On Dec 16, 2008, at 1:25 PM, Gary McGraw wrote:
Using the software security framework introduced in October (A Software Security Framework: Working Towards a Realistic Maturity Model <http://www.informit.com/articles/article.aspx?p=1271382>), we interviewed nine executives running top software security programs in order to gather real data from real programs.

Wow, this is great stuff.  Kudos to Gary, Sammy, and Brian.

I have a couple comments/observations on some of your conclusions:

- You obviously wrote the top-10 list in C, since it went from 9 to 0. :-)

- "Not only are there are no magic software security metrics, bad metrics actually hurt." This is an excellent point. I think it's also worth noting that it's important to carefully consider what metrics make sense for an organization _as early as possible_ in the life of their software security efforts. Trying to retro-engineer some metrics into a program after the fact is not a fun thing.

- "Secure-by-default frameworks can be very helpful, especially if they are presented as middleware classes (but watch out for an over focus on security "stuff"). " Yes yes yes! I've found significantly more "traction" to prescriptive guidance vs. a "don't do this" list of bad practices. Plus, it inherently supports a mindset of positive validation instead of negative. It's important to look for common mistakes, but if you really want your devs to follow, give them clear coding guidelines with annotated descriptions of how to follow them. Efforts like OWASP's ESAPI are indeed a great starting point here for plugging in things like strong positive input validation and such.

- "Web application firewalls are not in wide use, especially not as Web application firewalls. " I can't say I'm much surprised by this one. Even with PCI-DSS driving people to WAFs (or do external independent code reviews), I just don't often see them often. But you go on to say, "But even these two didn't use them to block application attacks; they used them to monitor Web applications and gather data about attacks."--but you don't come back to this point. One serious benefit to WAFs can be enhancing the ability to do monitoring, especially of legacy apps. Adding one network choke point WAF can quickly add an app-level monitoring capability that few organizations considered when rolling the apps out in the first place.

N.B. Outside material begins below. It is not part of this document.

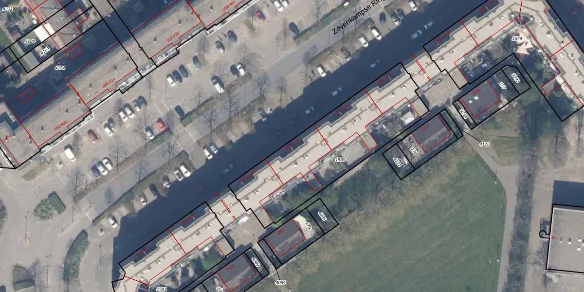Zevenkampse Ring 1025 is gelegen op kadastraal perceel RTD13BA1580. Deze kadastrale aanduiding is uniek en wordt gebruikt door het Kadaster om eigendomsrechten en andere zakelijke rechten vast te leggen. Het perceel maakt onderdeel uit van de kadastrale gemeente Rotterdam.

- "Though software security often seems to fit an audit role rather naturally, many successful programs evangelize (and provide software security resources) rather than audit even in regulated industries" This one too is very encouraging to see.

- "Architecture analysis is just as hard as we thought, and maybe harder." And this one is very discouraging. I've seen good results in doing architectural risk analyses, but the ones that produce useful results tend to be the more ad hoc ones -- and NOT the ones that follow rigorous processes.

- "All nine programs we talked to have in-house training curricula, and training is considered the most important software security practice in the two most mature software security initiatives we interviewed. " That explains the quarter-million miles in my United account this year alone. :-) Ugh.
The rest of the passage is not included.